▸ Task to complete
What is needed is a word-for-word copy of the lines below from the one with "2017春秋新款旗袍连衣裙绣花大码修身中袖盘扣中长款淡蓝色旗袍女" through the one with "最宠(Paddy Time)猫零食小鲜肉200g三文鱼明虾味泌尿系统10袋 湿粮包小鱼肉饼干宠物成幼猫咪粮食品", both included, with every picture left out.

The input section start

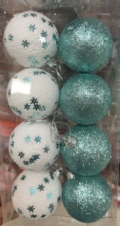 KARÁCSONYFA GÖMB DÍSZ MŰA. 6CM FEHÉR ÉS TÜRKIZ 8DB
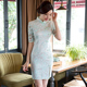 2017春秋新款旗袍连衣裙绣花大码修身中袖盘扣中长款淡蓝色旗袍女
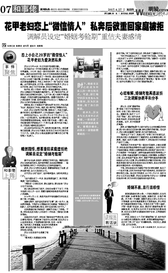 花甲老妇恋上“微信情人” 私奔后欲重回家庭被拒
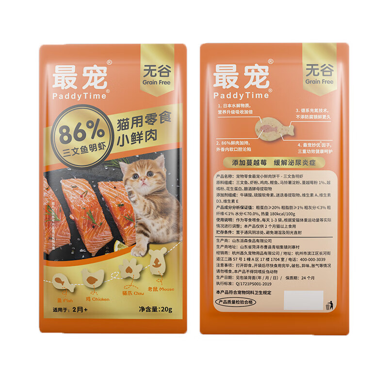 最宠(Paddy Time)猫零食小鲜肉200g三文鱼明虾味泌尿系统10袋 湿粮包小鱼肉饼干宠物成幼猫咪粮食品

The input section end
The input section start

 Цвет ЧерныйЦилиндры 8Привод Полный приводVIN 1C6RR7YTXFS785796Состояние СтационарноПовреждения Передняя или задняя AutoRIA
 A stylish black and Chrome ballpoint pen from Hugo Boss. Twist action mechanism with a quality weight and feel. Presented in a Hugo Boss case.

The input section end
The input section start

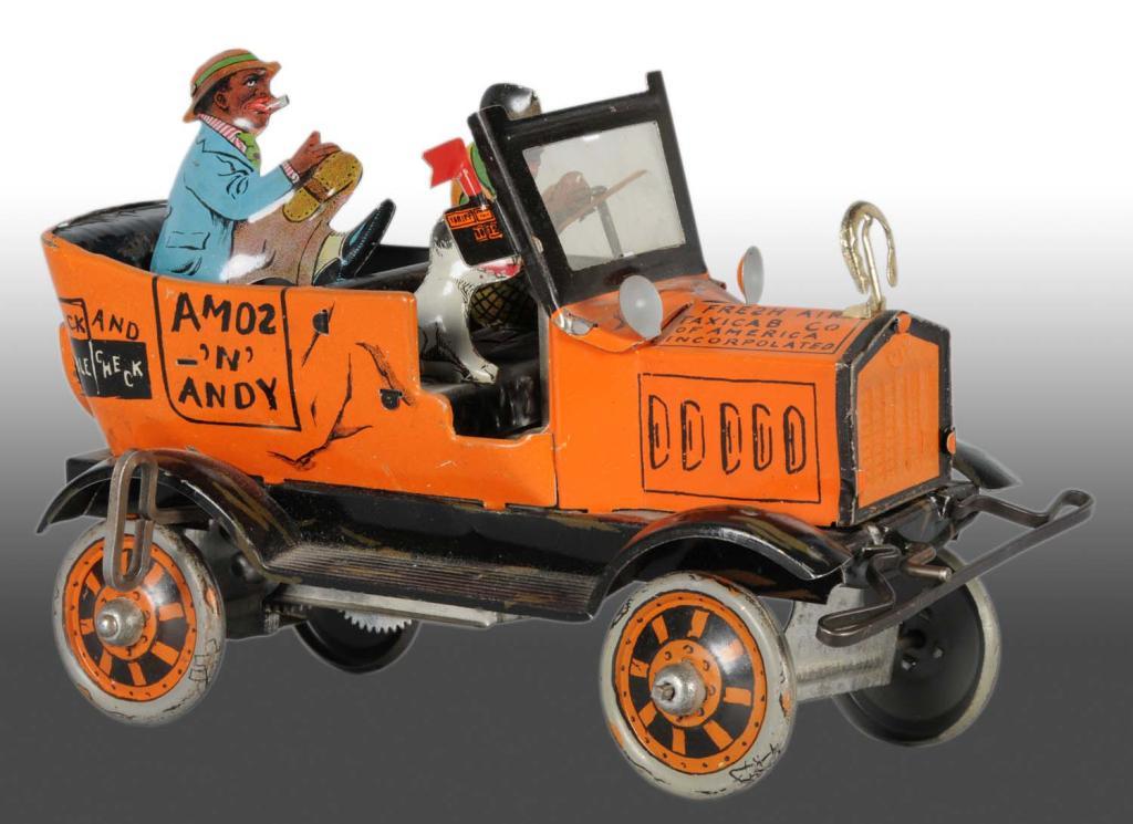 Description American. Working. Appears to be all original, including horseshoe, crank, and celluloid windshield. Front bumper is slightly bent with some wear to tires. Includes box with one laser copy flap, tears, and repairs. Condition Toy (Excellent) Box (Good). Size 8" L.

The input section end

▸ Answer space
 2017春秋新款旗袍连衣裙绣花大码修身中袖盘扣中长款淡蓝色旗袍女
 花甲老妇恋上“微信情人” 私奔后欲重回家庭被拒
 最宠(Paddy Time)猫零食小鲜肉200g三文鱼明虾味泌尿系统10袋 湿粮包小鱼肉饼干宠物成幼猫咪粮食品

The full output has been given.